Forum Index | FAQ | New User | Login | Search

Make a New PostPrevious ThreadView All ThreadsNext ThreadShow in Flat Mode*


SubjectRe: Ahhh! That's genius! Reply to this message
Posted byRiff
Posted on12/15/03 00:38 AM



> > Or, to make it truly portable, have an array of structs of a type like this:
> >
> > struct instruction
> > {
> > void (*Handler)(struct instruction *);
> > UINT32 field1, field2, field3, etc. ;
> > };
> >
> > And simply iterate through this. I think this is what ElSemi was talking about
> > (correct me if I'm wrong.)

This is more or less how instructions are cached in Nuance except that I store indices into a handler array instead of storing a direct pointer. Each instruction cache entry contains up to five intermediate instructions which I call Nuances. NuonEm uses a similar structure but the fields are explicitly named and referenced for a fixed execution order. Nuance reschedules instructions within each packet and uses a generic for-loop to call the handlers. This method is well-suited for both caching of pre-decoded instruction packets that are to be interpreted, and to use as an intermediate code representation to supply to compiler routines

> > It's a good approach, especially when you don't have to keep re-fetching code
> > (if it's mostly in ROM, for instance, or in protected non-writeable memory
> > pages) and you want to avoid having to write a full-blown dynarec.

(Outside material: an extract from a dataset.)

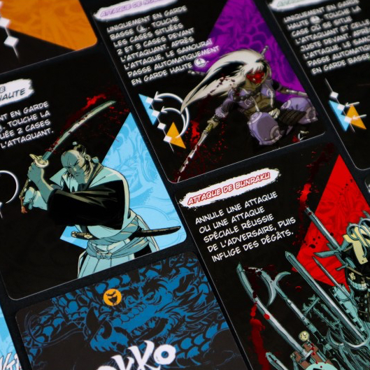 Avec les cartes, les joueurs avancent ou reculent par rapport à l'adversaire ou frappent haut ou bas, en essayant de causer des dégâts.

I assume that by fetching, you really mean decoding. The amount of data fetched will usually be greater in the cached representation than it is in the original encoding. Indeed that is the whole point, to trade size for speed.

I'd argue that its a good solution in any situation where decoding carries a moderate cost or greater unless there are memory limitations on the host platform. Memory is cheap and plentiful. Decoding is often quite expensive. This is particularly true for variable-length instruction encodings and VLIW streams where you don't know where the instruction packet ends until you fully decode it.

Besides, the generic array structure is suitable for both interpretation and for doing analysis and code generation. For simple CPUs, it might be a waste of memory, but it still has a good chance of being faster if a given code sequence is frequently executed.

> >
> > I don't know if it would be worth it for emulating a 68K on X86, though. Flag
> > calculation is simple (LAHF, SETO AL), and decoding can be pretty optimal, as
> > A68K shows.

The only problem is that works only if you program the instruction handlers in assembly and its only going to work if you have native flags and flag extraction instructions. The most expensive common flag to calculate is overflow and without native flag calculation the only choice is to manually compute it. The overflow flag is almost never examined, so its not needed in the majority of cases.

For an interpreter, I would use an all-or-nothing approach. Do the flag analysis and select between handlers which calculate all flags and which calculate no flags. This significantly reduces the number of handler routines you will have to generate.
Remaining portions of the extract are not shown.